A report released last month by IHS Global Insight, a global research firm commissioned by America’s Natural Gas Alliance, shows similar results. Prices would drop 10 percent in 2036 with shale, according to IHS, and the industry would add 870,000 U.S. jobs by 2015.
John Deutch, MIT professor and chair of a special U.S. Department of Energy panel studying shale, agrees with the significant economic contribution the shale industry can provide. Deutch, who was associated with the earlier MITEI report but not the new MIT study, said that the most recent employment estimates showed that there are three-quarters of a million jobs in the shale gas industry.
“More jobs are being created in Pennsylvania and Ohio by shale gas production than anything else that I’m aware of,” Deutch said at a recent MIT lecture, suggesting the significance of those two battleground states in U.S. elections.
“Over the last couple of years I’ve realized that what’s happening with unconventional natural gas [shale] is the biggest energy story that’s happened in the 40-plus years that I’ve been watching energy development in this country,” says Deutch, who served as undersecretary of the Department of Energy in the 1970s.
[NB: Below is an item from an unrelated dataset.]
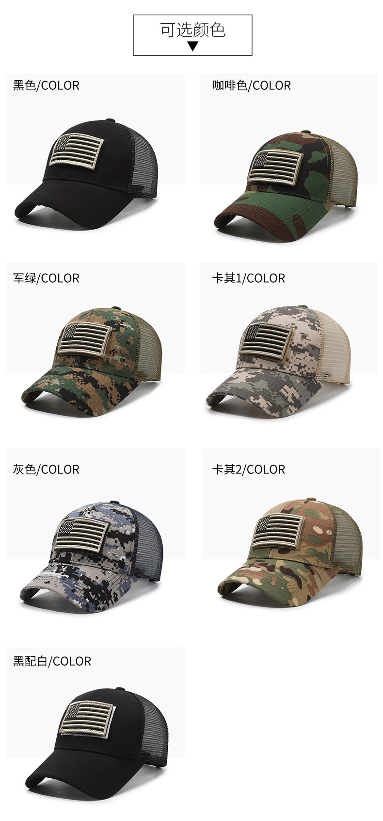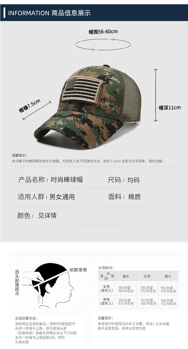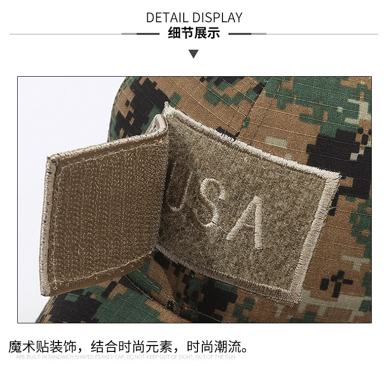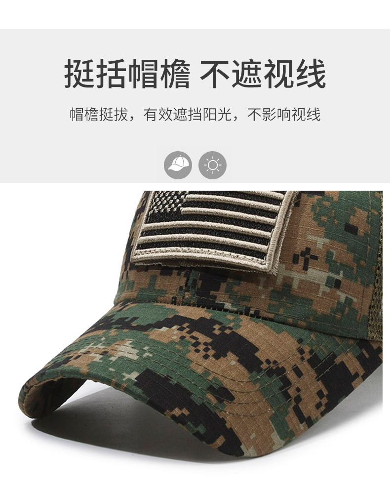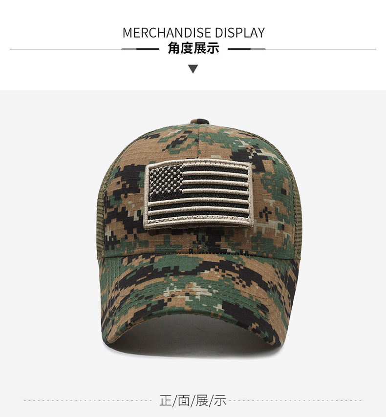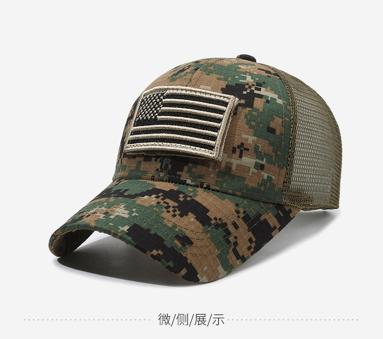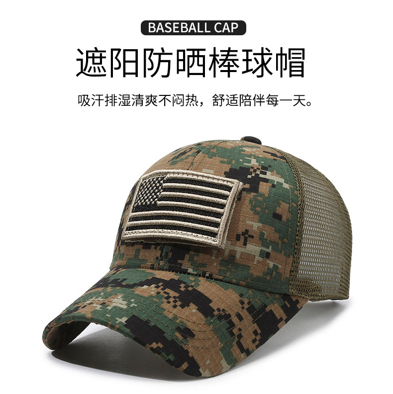 Sello estadounidense, etiqueta rasgada, gorra de velcro, moda al aire libre, protector solar, gorra de red de béisbol, sombrero de camuflaje táctico para hombres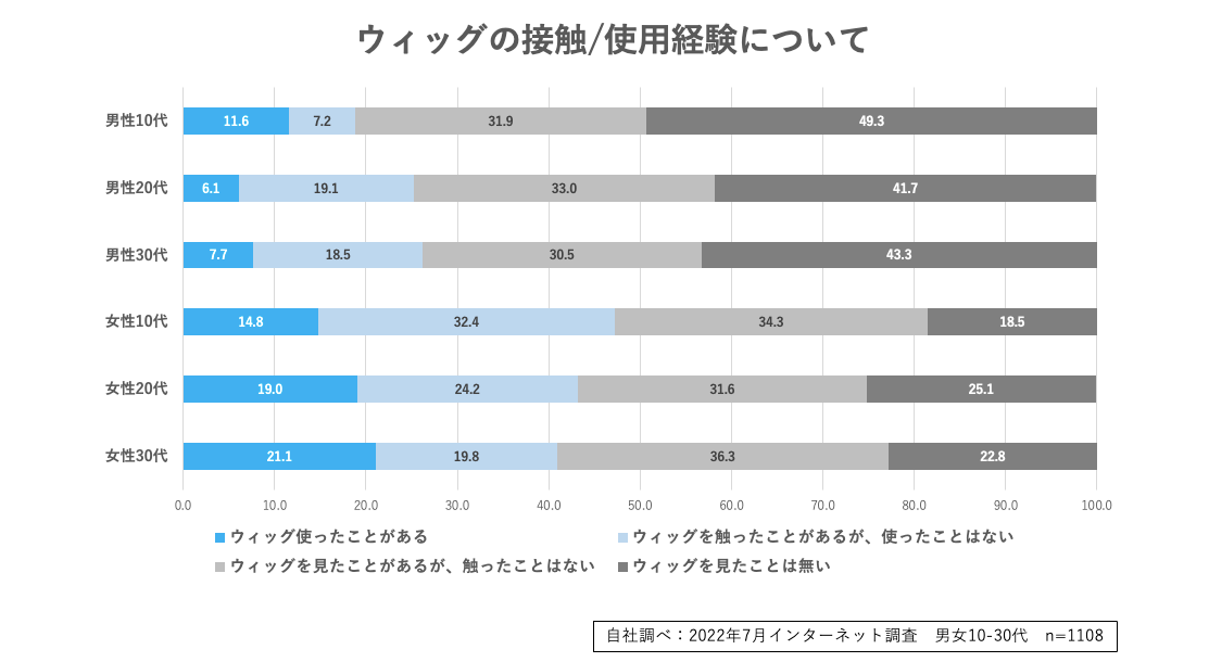 自社実施のアンケート調査では、特に男性の若年層において接触/使用経験が少ないことが明らかになっています。この状況を「ウィッグの興味喚起ポテンシャル」として捉え、今後のマーケティングを進めていきます。

Shale’s low price tag is one of the reasons for its boom. For every $4 we pay for energy from natural gas, we pay $25 for oil, according to recent statistics from the U.S. Energy Information Administration.
Jacoby and Deutch agree this is not sustainable, and that there is a great incentive to continue to tap into the shale market — with Deutch calling shale “remarkably inexpensive” compared to other forms of natural gas.
This successful outlook has prompted some of the world’s leading oil companies to further invest in natural gas, and specifically shale gas production. Last month, Shell announced it would double gas production in North America in the next three years and that it has recently expanded its work to China.
But Jacoby warns, “Natural gas is a finite resource. We will eventually run into depletion and higher cost.” He adds, “It still releases greenhouse gas emissions. So if we’re going to get to a point where we strictly limit those emissions, we need renewables.”
The continued need for strong renewables prompts concerns, as the study finds that shale use suppresses the development of renewables. Under one scenario, for example, the researchers impose a renewable-fuel mandate. They find that, with shale, renewable use never goes beyond the 25 percent minimum standard they set — but when shale is removed from the market, renewables gain more ground.
These findings are significant in light of several concerns surrounding the unpredictable shale gas market and future environmental regulations.
One concern about shale gas extraction, and the most headline-grabbing concern, is that fluids from the gas production — a process called hydraulic fracturing, or simply fracking — could seep into and contaminate groundwater supplies. While the report found these concerns to be “overstated,” the Deutch shale panel said in November that “environmental issues need to be addressed now.”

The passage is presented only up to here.